What is required:
When you transcribe the entries, reproduce every character and exclude the images.

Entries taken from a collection
__________

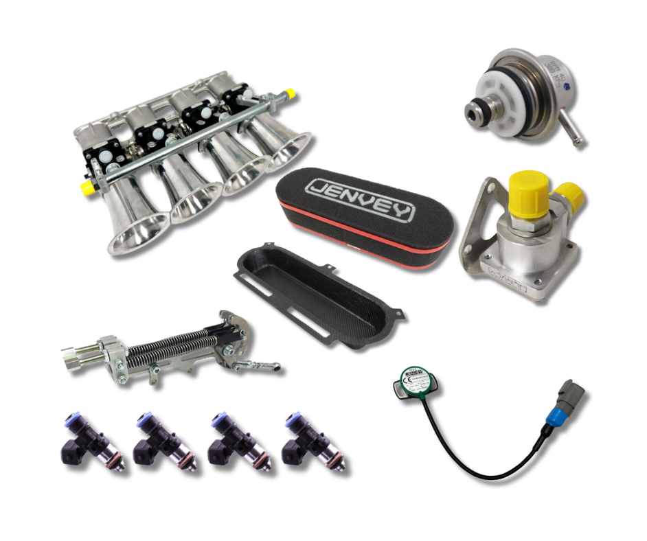 The Jenvey Ford Duratec 2.0L electronic fuel injection (EFI) individual throttle body kit (ITB) has been designed and developed in house to significantly increase performance and throttle response of your engine leading to a reduction in lap times. This engine was originally fitted into the Fiesta ST150, Mondeo, Focus, Cmax and Eco-sport.  Designed in conjunction with Mazda it is also available as the Mazda MZR engine and used in the Mazda 3 and MX5
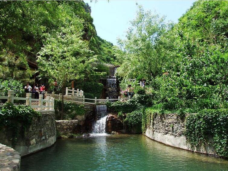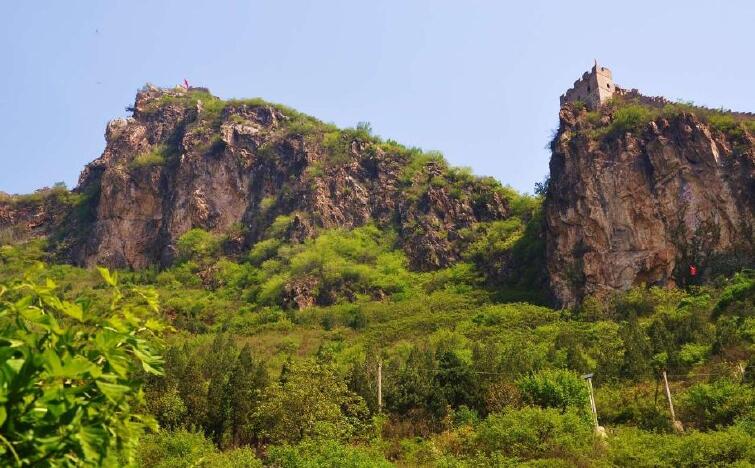 景区内山峰陡峭,泉水淙淙,果林成荫,花草弥坡,空气清新。阳春,山花烂漫,花香溢人;盛夏,林荫欲滴,满目清翠;金秋,硕果累累,红叶满山;寒冬,银装素裹,冰川万丈。景区地处明代长城建关筑堡的山谷之中,山谷两侧,峰峦起伏,怪石峥嵘、历尽苍桑而古貌依然的万里长城,巨龙欲飞,直插云霄,雄城险关,甚为壮观。明代摩崖石刻也给古关要塞增添了几分威严。而天然的连云洞和图腾阁,鬼斧神工般高深莫测,趣味无穷。奔腾的山泉,从山顶飞泻而下,形成五十余米落差的瀑布,甚有银河落九天之美,观后令人心旷神怡。
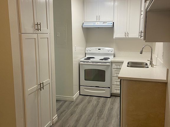 Completely remolded. New paint, laminate flooring, blinds, ceiling fan, toilets, and faucets. New kitchen with new wooden white cabinets and Quartz counter tops. Breakfast nook with ceiling fan. New bathrooms with new wooden cabinets and quartz countertops and tile shower/tub. 2 bedrooms with large mirrored closets. Unit has plenty of cabinets throughout for storage. One car private garage with storage. Across the street from middle school, a few blocks from elementary school and Redondo Union High School. 4 unit building with laundry room. Close to beach, restaurants and shopping. Duration of lease is one year, then it goes to month to month. This is a no smoking building. Owner pays for water, trash and gardener. Tenant pays for electric. If coming with a pet, a pet deposit is required.
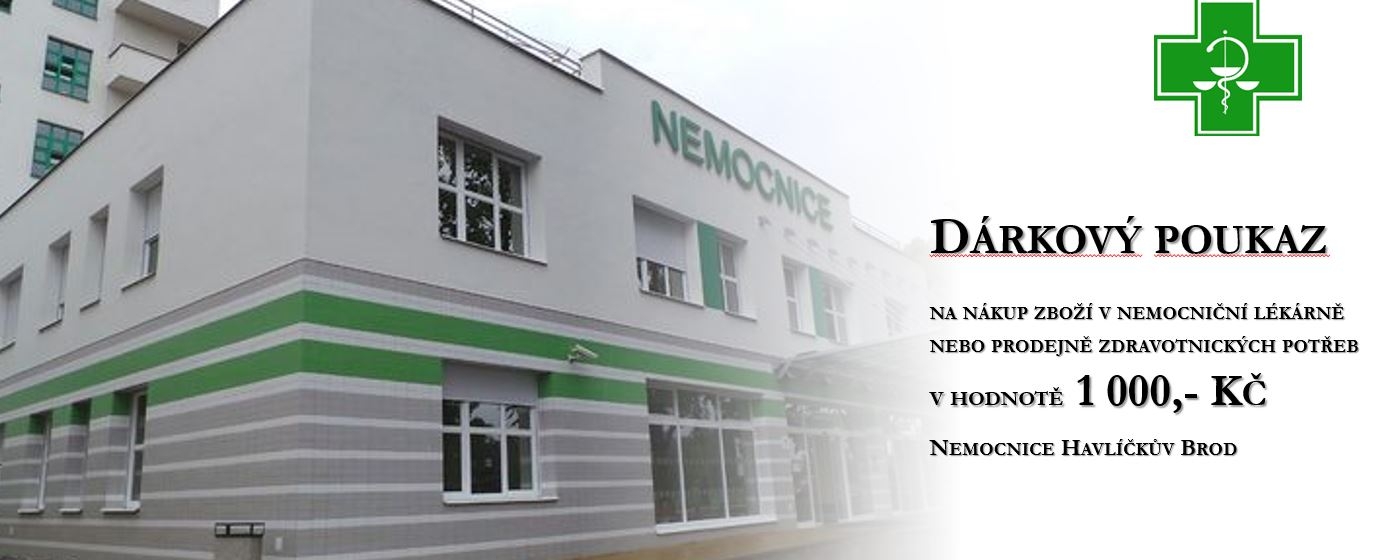 V nemocniční lékárně a v prodejně zdravotnických potřeb je možné zakoupit dárkové poukazy na nákup zboží v hodnotě 500,- a 1000,- Kč.
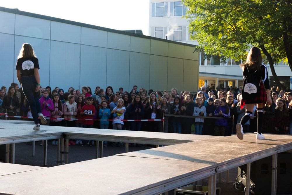 Heute hat die SMV in der großen Pause eine Modenschau veranstaltet. Vorgestellt wurde die JKG-Schulkleidung!
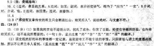 13.把文言文阅读材料中画横线的句子翻译成现代汉语。(10分)
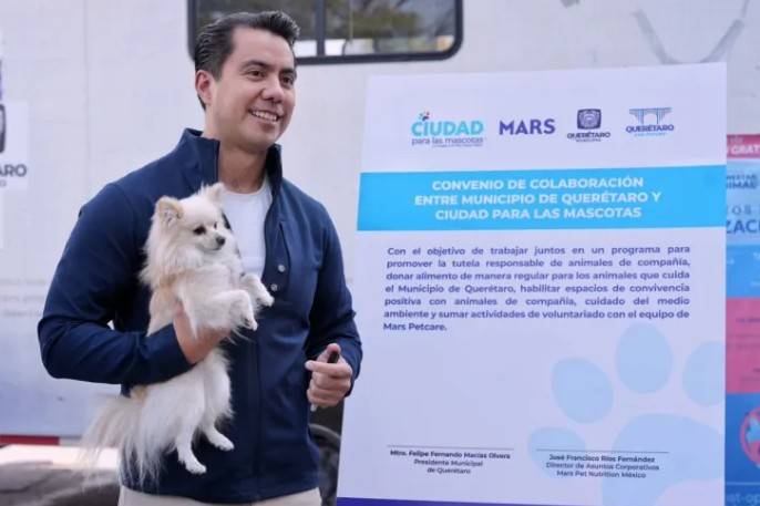 El alcalde de Querétaro, Felifer Macías, asistió a la jornada de esterilización en el auditorio del Centro de Desarrollo Comunitario de Cerrito Colorado, en donde firmó un convenio entre el municipio de Querétaro y Ciudad de las mascotas, un programa de la empresa Mars Petcare México, para impulsar acciones para fomentar el cuidado responsable de los animales de compañía y promover su convivencia positiva en los espacios públicos.
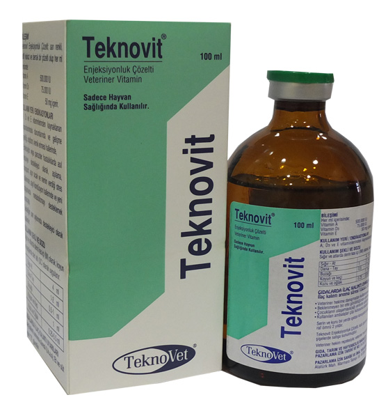 TEKNOVİT BİLEŞİMİ Teknovit Enjeksiyonluk Çözelti; sarı renkli, hafif viskoz ve berrak bir çözelti olup her ml içerisinde : FARMAKOLOJİK ÖZELLİKLER Teknovit Enjeksiyonluk Çözelti, yağda eriyen vitaminlerden A, D3 ve E vitaminini içerir. Enjeksiyon alanından yavaş bir şekilde absorbe olurlar. Karaciğerde depo edilirler. Teknovit Enjeksiyonluk Çözelti, vitamin eksikliğinin hızla tedavisi, dengeli bir şekilde gelişme ve büyümenin sürdürülmesi, stres faktörlerinin önlenmesi ve verimliliğin üst seviyede tutulmasını sağlar. Vitamin A, protein sentezini destekler. Epitelyumlar üzerine etkili olarak biyolojik rnembranlar boyunca organizmanın enfeksiyonlar ve stres faktörlerine karşı korunmasında görev alır. Proteinlerin anabolik Metabolizmasına katılarak verim, hormonal sentez üzerinde etkili olarak da üretim kapasitesinin artırılmasını sağlar. Vitamin D3, organizmanın fosfor-kalsiyum metabolizmasında rol oynar. Kalsiyumun sindirim sisteminden emilimini destekler, Kalsiyum eksikliğinde kemik dokusundan fosfor ve kalsiyum salınmasını sağlayarak Kalsiyum / fosfor oranını dengede tutar. Kalsiyum oranının yeterli olduğu durumlarda gelişme döneminde kalsiyumu kemik dokusu üzerinde fikse eder. E vitamini, musküler dejenerasyon ve hepatik nekrozu önler . Ayrıca seksüel fizyolojide gonodatrophin üretimi, testis fonksiyonlarının devamlılığı ve fötus gelişmesinde önemli rol oynar. İSTENMEYEN ETKİLER Enjeksiyonun yapıldığı yerde, yapıldıktan kısa bir süre sonra kendiliğinden geçen, küçük bir reaksiyon oluşabilir. D3 vitamininin yüksek dozlarda ve uzun süre verilmesi, kemiklerden kalsiyum (Ca) ve fosforun (P) salınmasına ve bu iyonların kan dolaşımındaki seviyelerinin artmasına yol açabilir. Bunun sonucunda bazı yumuşak doku ve organlarda kireçlenme görülebilir. A vitamini aşırı şekilde kullanılır ise, hipevitaminozis’e yol açabilir. İLAÇ ETKİLEŞİMLERİ Bilinen hiçbir ürünle kullanılmasında sakınca yoktur. GIDALARDA İLAÇ KALINTI UYARILARI İlaç kalıntı arınma süresi (i.k.a.s.) ; Et ve süt için “0” gündür. DOZ AŞIMI VE TEDAVİSİ Hipervitaminosis şekillenebileceğinden tavsiye edilen dozlar aşılmamalıdır. KONTRENDİKASYONLARI Nadiren de olsa anaflaktik şok oluştuğu rapor edilmiştir. Anaflaktik şok görüldüğünde adrenalin veya antihistaminlerle sağaltıma geçilir. GENEL UYARILAR Veteriner hekime danışmadan kullanmayınız. Beklenmeyen bir etki görüldüğünde veteriner hekime danışınız Çocukların ulaşamayacağı yerlerde saklayınız. Kullanılan ambalajlar çöp kutusuna atılarak imha edilmelidir. MUHAFAZA ŞARTLARI VE RAF ÖMRÜ Serin ve kuru bir yerde ışıktan koruyarak ambalajında saklayınız. İmal tarihinden itibaren raf ömrü 2 yıldır. TİCARİ TAKDİM ŞEKLİ Teknovit Enjeksiyonluk Çözelti, kutu içerisinde 20-50-100-250 ml’lik amber renkli cam şişelerde satışa sunulmuştur. PROSPEKTÜS ONAY TARİHİ : 11.05.2004 GIDA TARIM VE HAYVANCILIK BAKANLIĞI PAZARLAMA İZİN TARİHİ VE NO: 04.06.2001- 10 / 950 |
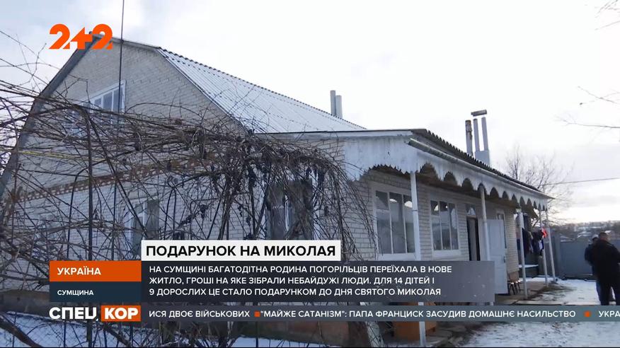 У Сумській області багатодітна родина погорільців із села Коровинці переїхала в нове житло, яке їм допомогли придбати небайдужі люди. Свій колишній дім, в якому мешкали 14 дітей та 9 дорослих, вони втратили під час пожежі. Тепер новий дах над головою багатодітна родина вважає справжнім дарунком від Святого Миколая. Повні випуски дивіться на 1+1 video

__________

Written answer:
 The Jenvey Ford Duratec 2.0L electronic fuel injection (EFI) individual throttle body kit (ITB) has been designed and developed in house to significantly increase performance and throttle response of your engine leading to a reduction in lap times. This engine was originally fitted into the Fiesta ST150, Mondeo, Focus, Cmax and Eco-sport.  Designed in conjunction with Mazda it is also available as the Mazda MZR engine and used in the Mazda 3 and MX5
 景区内山峰陡峭,泉水淙淙,果林成荫,花草弥坡,空气清新。阳春,山花烂漫,花香溢人;盛夏,林荫欲滴,满目清翠;金秋,硕果累累,红叶满山;寒冬,银装素裹,冰川万丈。景区地处明代长城建关筑堡的山谷之中,山谷两侧,峰峦起伏,怪石峥嵘、历尽苍桑而古貌依然的万里长城,巨龙欲飞,直插云霄,雄城险关,甚为壮观。明代摩崖石刻也给古关要塞增添了几分威严。而天然的连云洞和图腾阁,鬼斧神工般高深莫测,趣味无穷。奔腾的山泉,从山顶飞泻而下,形成五十余米落差的瀑布,甚有银河落九天之美,观后令人心旷神怡。
 Completely remolded. New paint, laminate flooring, blinds, ceiling fan, toilets, and faucets. New kitchen with new wooden white cabinets and Quartz counter tops. Breakfast nook with ceiling fan. New bathrooms with new wooden cabinets and quartz countertops and tile shower/tub. 2 bedrooms with large mirrored closets. Unit has plenty of cabinets throughout for storage. One car private garage with storage. Across the street from middle school, a few blocks from elementary school and Redondo Union High School. 4 unit building with laundry room. Close to beach, restaurants and shopping. Duration of lease is one year, then it goes to month to month. This is a no smoking building. Owner pays for water, trash and gardener. Tenant pays for electric. If coming with a pet, a pet deposit is required.
 V nemocniční lékárně a v prodejně zdravotnických potřeb je možné zakoupit dárkové poukazy na nákup zboží v hodnotě 500,- a 1000,- Kč.
 Heute hat die SMV in der großen Pause eine Modenschau veranstaltet. Vorgestellt wurde die JKG-Schulkleidung!
 13.把文言文阅读材料中画横线的句子翻译成现代汉语。(10分)
 El alcalde de Querétaro, Felifer Macías, asistió a la jornada de esterilización en el auditorio del Centro de Desarrollo Comunitario de Cerrito Colorado, en donde firmó un convenio entre el municipio de Querétaro y Ciudad de las mascotas, un programa de la empresa Mars Petcare México, para impulsar acciones para fomentar el cuidado responsable de los animales de compañía y promover su convivencia positiva en los espacios públicos.
 TEKNOVİT BİLEŞİMİ Teknovit Enjeksiyonluk Çözelti; sarı renkli, hafif viskoz ve berrak bir çözelti olup her ml içerisinde : FARMAKOLOJİK ÖZELLİKLER Teknovit Enjeksiyonluk Çözelti, yağda eriyen vitaminlerden A, D3 ve E vitaminini içerir. Enjeksiyon alanından yavaş bir şekilde absorbe olurlar. Karaciğerde depo edilirler. Teknovit Enjeksiyonluk Çözelti, vitamin eksikliğinin hızla tedavisi, dengeli bir şekilde gelişme ve büyümenin sürdürülmesi, stres faktörlerinin önlenmesi ve verimliliğin üst seviyede tutulmasını sağlar. Vitamin A, protein sentezini destekler. Epitelyumlar üzerine etkili olarak biyolojik rnembranlar boyunca organizmanın enfeksiyonlar ve stres faktörlerine karşı korunmasında görev alır. Proteinlerin anabolik Metabolizmasına katılarak verim, hormonal sentez üzerinde etkili olarak da üretim kapasitesinin artırılmasını sağlar. Vitamin D3, organizmanın fosfor-kalsiyum metabolizmasında rol oynar. Kalsiyumun sindirim sisteminden emilimini destekler, Kalsiyum eksikliğinde kemik dokusundan fosfor ve kalsiyum salınmasını sağlayarak Kalsiyum / fosfor oranını dengede tutar. Kalsiyum oranının yeterli olduğu durumlarda gelişme döneminde kalsiyumu kemik dokusu üzerinde fikse eder. E vitamini, musküler dejenerasyon ve hepatik nekrozu önler . Ayrıca seksüel fizyolojide gonodatrophin üretimi, testis fonksiyonlarının devamlılığı ve fötus gelişmesinde önemli rol oynar. İSTENMEYEN ETKİLER Enjeksiyonun yapıldığı yerde, yapıldıktan kısa bir süre sonra kendiliğinden geçen, küçük bir reaksiyon oluşabilir. D3 vitamininin yüksek dozlarda ve uzun süre verilmesi, kemiklerden kalsiyum (Ca) ve fosforun (P) salınmasına ve bu iyonların kan dolaşımındaki seviyelerinin artmasına yol açabilir. Bunun sonucunda bazı yumuşak doku ve organlarda kireçlenme görülebilir. A vitamini aşırı şekilde kullanılır ise, hipevitaminozis’e yol açabilir. İLAÇ ETKİLEŞİMLERİ Bilinen hiçbir ürünle kullanılmasında sakınca yoktur. GIDALARDA İLAÇ KALINTI UYARILARI İlaç kalıntı arınma süresi (i.k.a.s.) ; Et ve süt için “0” gündür. DOZ AŞIMI VE TEDAVİSİ Hipervitaminosis şekillenebileceğinden tavsiye edilen dozlar aşılmamalıdır. KONTRENDİKASYONLARI Nadiren de olsa anaflaktik şok oluştuğu rapor edilmiştir. Anaflaktik şok görüldüğünde adrenalin veya antihistaminlerle sağaltıma geçilir. GENEL UYARILAR Veteriner hekime danışmadan kullanmayınız. Beklenmeyen bir etki görüldüğünde veteriner hekime danışınız Çocukların ulaşamayacağı yerlerde saklayınız. Kullanılan ambalajlar çöp kutusuna atılarak imha edilmelidir. MUHAFAZA ŞARTLARI VE RAF ÖMRÜ Serin ve kuru bir yerde ışıktan koruyarak ambalajında saklayınız. İmal tarihinden itibaren raf ömrü 2 yıldır. TİCARİ TAKDİM ŞEKLİ Teknovit Enjeksiyonluk Çözelti, kutu içerisinde 20-50-100-250 ml’lik amber renkli cam şişelerde satışa sunulmuştur. PROSPEKTÜS ONAY TARİHİ : 11.05.2004 GIDA TARIM VE HAYVANCILIK BAKANLIĞI PAZARLAMA İZİN TARİHİ VE NO: 04.06.2001- 10 / 950 |
 У Сумській області багатодітна родина погорільців із села Коровинці переїхала в нове житло, яке їм допомогли придбати небайдужі люди. Свій колишній дім, в якому мешкали 14 дітей та 9 дорослих, вони втратили під час пожежі. Тепер новий дах над головою багатодітна родина вважає справжнім дарунком від Святого Миколая. Повні випуски дивіться на 1+1 video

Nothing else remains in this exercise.